Moreover the section has not touched the well-established distinction in principle between those matters which are properly within the jurisdiction of the decision-maker and those matters in which the court can properly intervene. It has introduced a requirement with which the decision-maker must comply, namely the recognition of the priority to be given to the development plan. It has thus introduced a potential ground on which the decision-maker could be faulted were he to fail to give effect to that requirement. But beyond that it still leaves the assessment of the facts and the weighing of the considerations in the hands of the decision-maker. It is for him to assess the relative weight to be given to all the material considerations. It is for him to decide what weight is to be given to the development plan, recognising the priority to be given to it. As Glidewell L.J. observed in Loup v. Secretary of State for the Environment and Another (1995) 71 P. & C.R. 175 at p. 186 "What section 54A does not do is to tell the decision-maker what weight to accord either to the development plan or to other material considerations." Those matters are left to the decision-maker to determine in the light of the whole material before him both in the factual circumstances and in any guidance in policy which is relevant to the particular issues."
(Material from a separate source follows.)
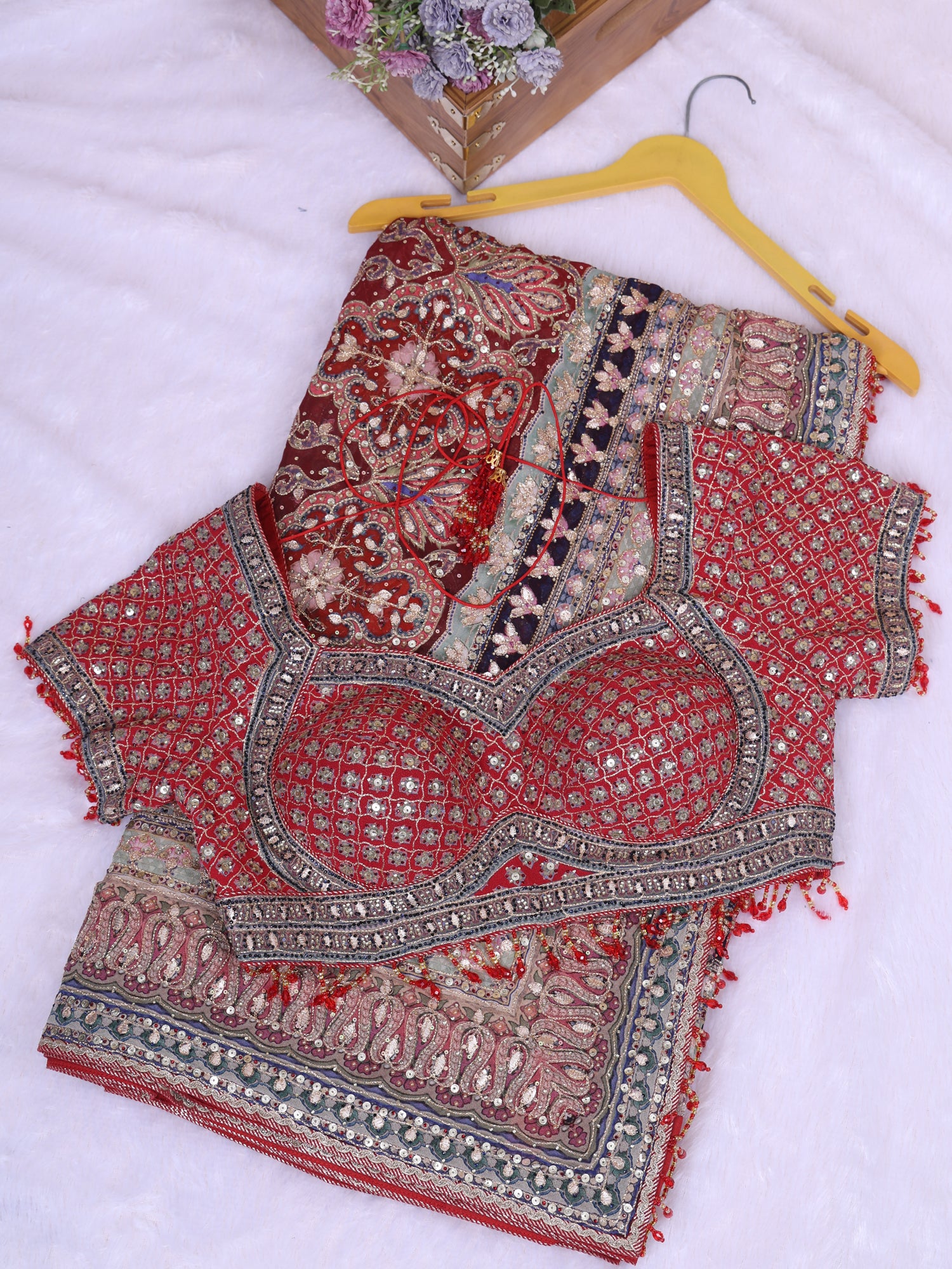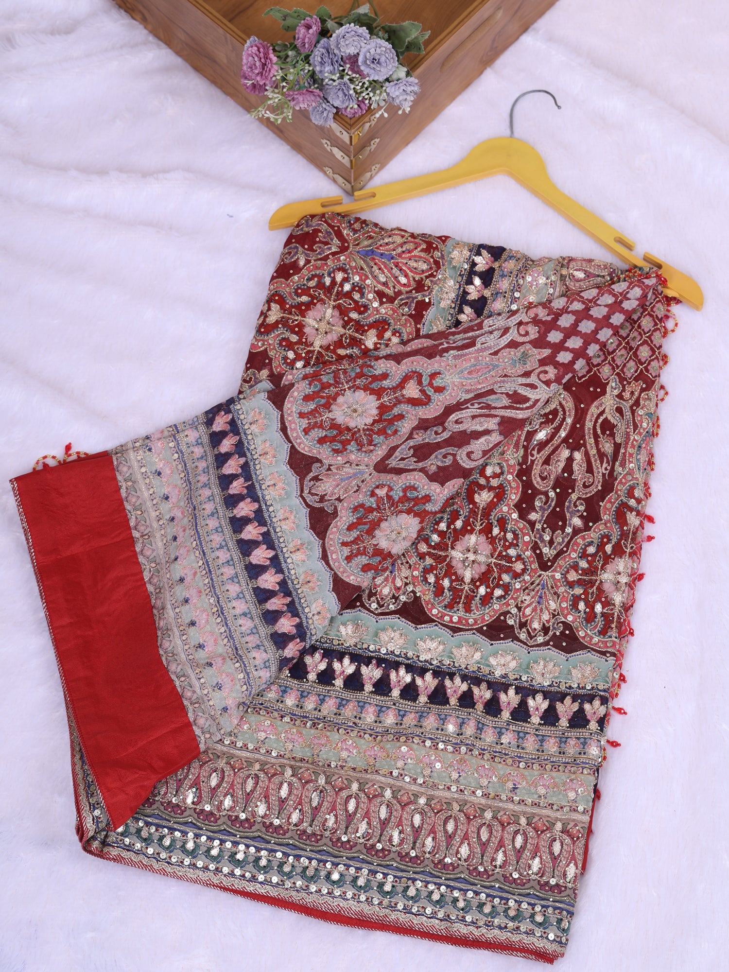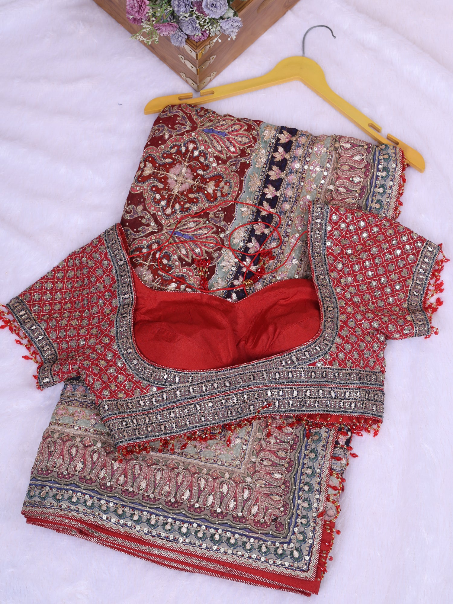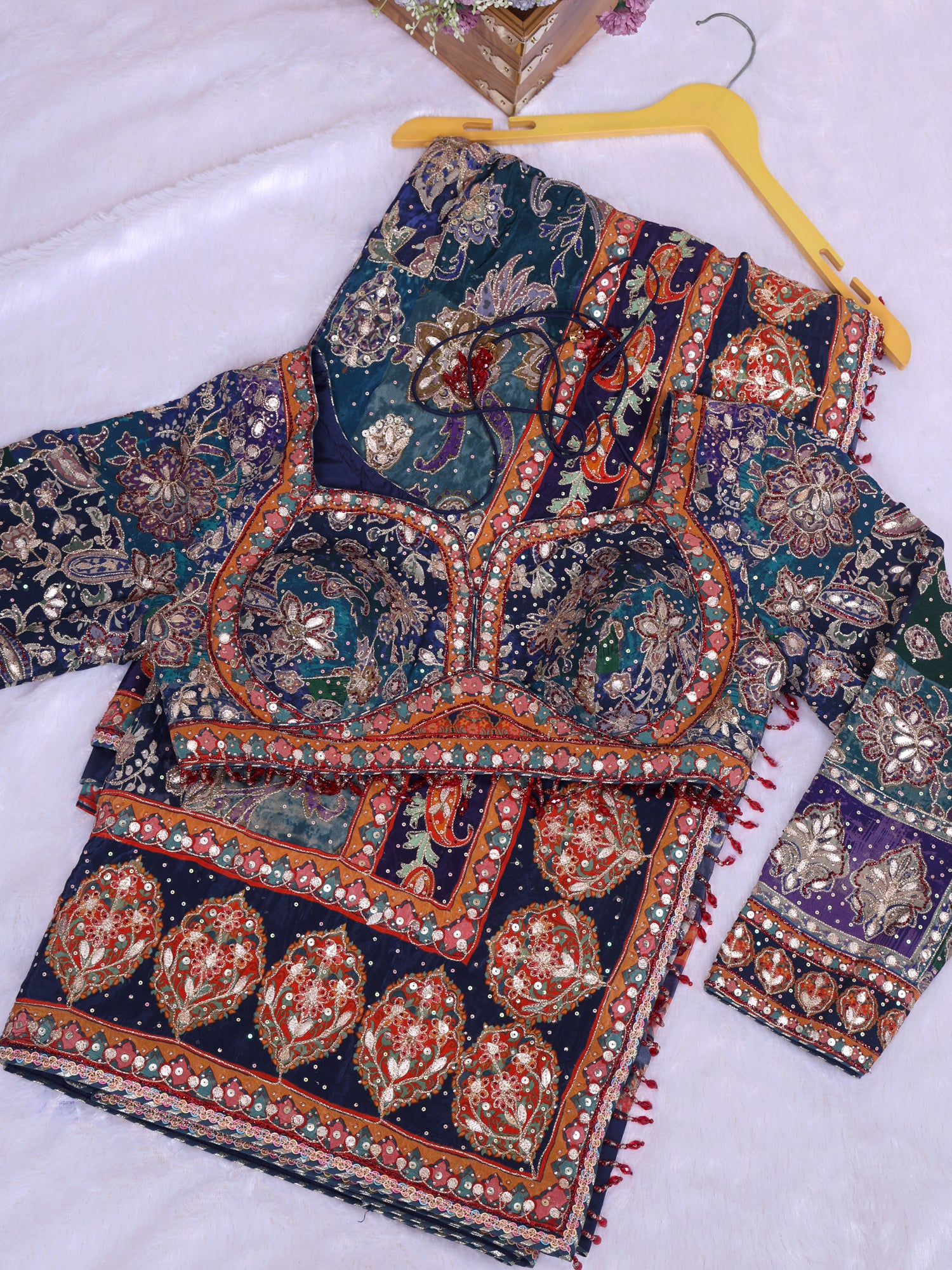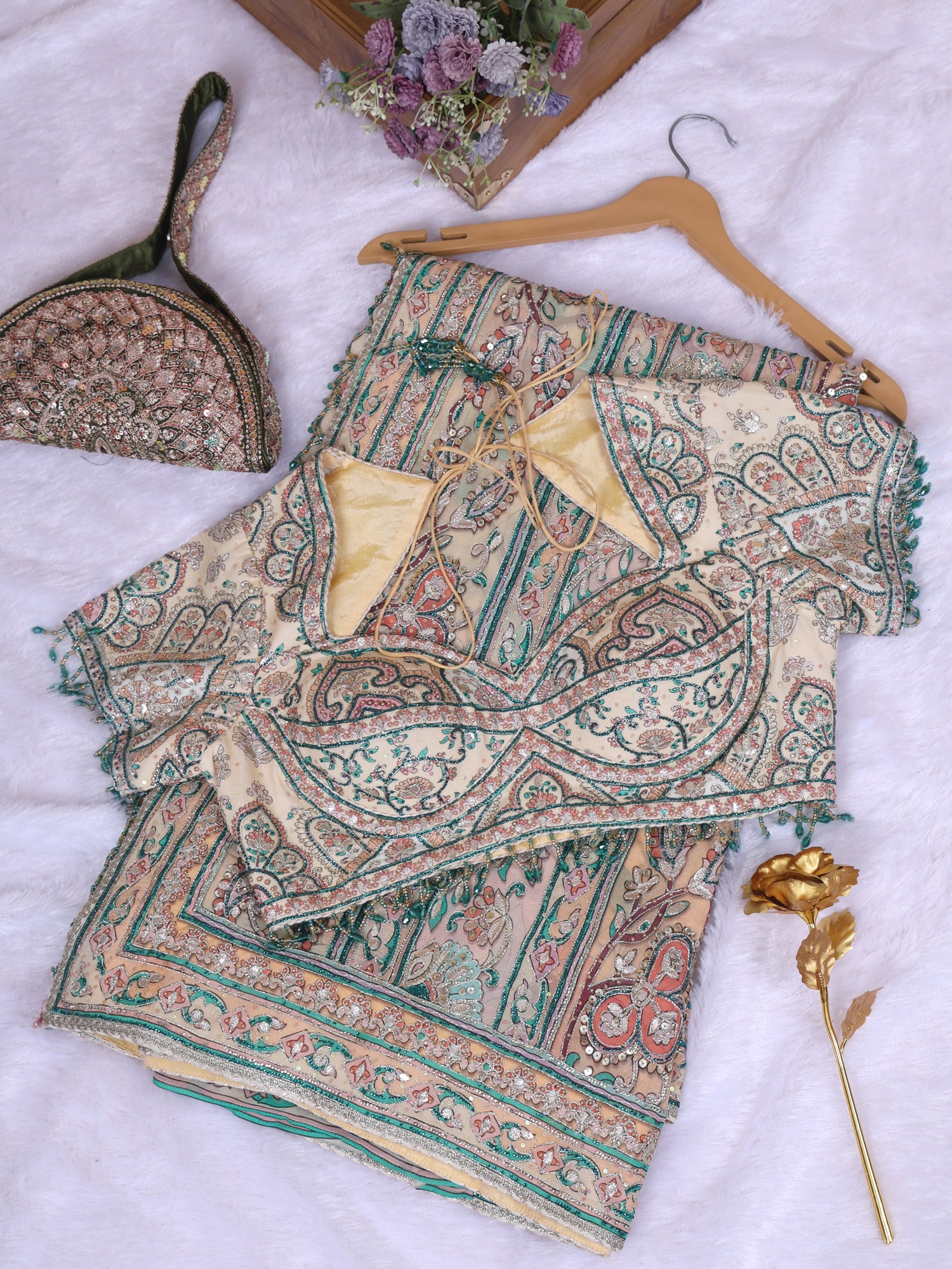 Royal Multi-Color Organza Lehenga With Jarkan & Bead

"In the practical application of section 18A it will obviously be necessary for the decision-maker to consider the development plan, identify any provisions in it which are relevant to the question before him and make a proper interpretation of them. His decision will be open to challenge if he fails to have regard to a policy in the development plan which is relevant to the application or fails properly to interpret it. He will also have to consider whether the development proposed in the application before him does or does not accord with the development plan. There may be some points in the plan which support the proposal but there may be some considerations pointing in the opposite direction. He will require to assess all of these and then decide whether in light of the whole plan the proposal does or does not accord with it. He will also have to identify all the other material considerations which are relevant to the application and to which he should have regard. He will then have to note which of them support the application and which of them do not, and he will have to assess the weight to be given to all of these considerations. He will have to decide whether there are considerations of such weight as to indicate that the development plan should not be accorded the priority which the statute has given to it. And having weighed these considerations and determined these matters he will require to form his opinion on the disposal of the application. If he fails to take account of some material consideration or takes account of some consideration which is irrelevant to the application his decision will be open to challenge. But the assessment of the considerations can only be challenged on the ground that it is irrational or perverse." [Italics added].
Discussion
"He will have to decide whether there are considerations of such weight as to indicate the development plan should not be accorded the priority which the statute has given to it."
"What is absent, however, I accept, is any discussion as to the primacy of H9 in the circumstances of this proposed greenfield site, in other words, why it might be important to obtain this greenfield site and why the other material considerations militated against that primacy in this instance."
"Whilst an undeveloped site, I agree with the appellant that there are other policies and considerations that should be taken into account."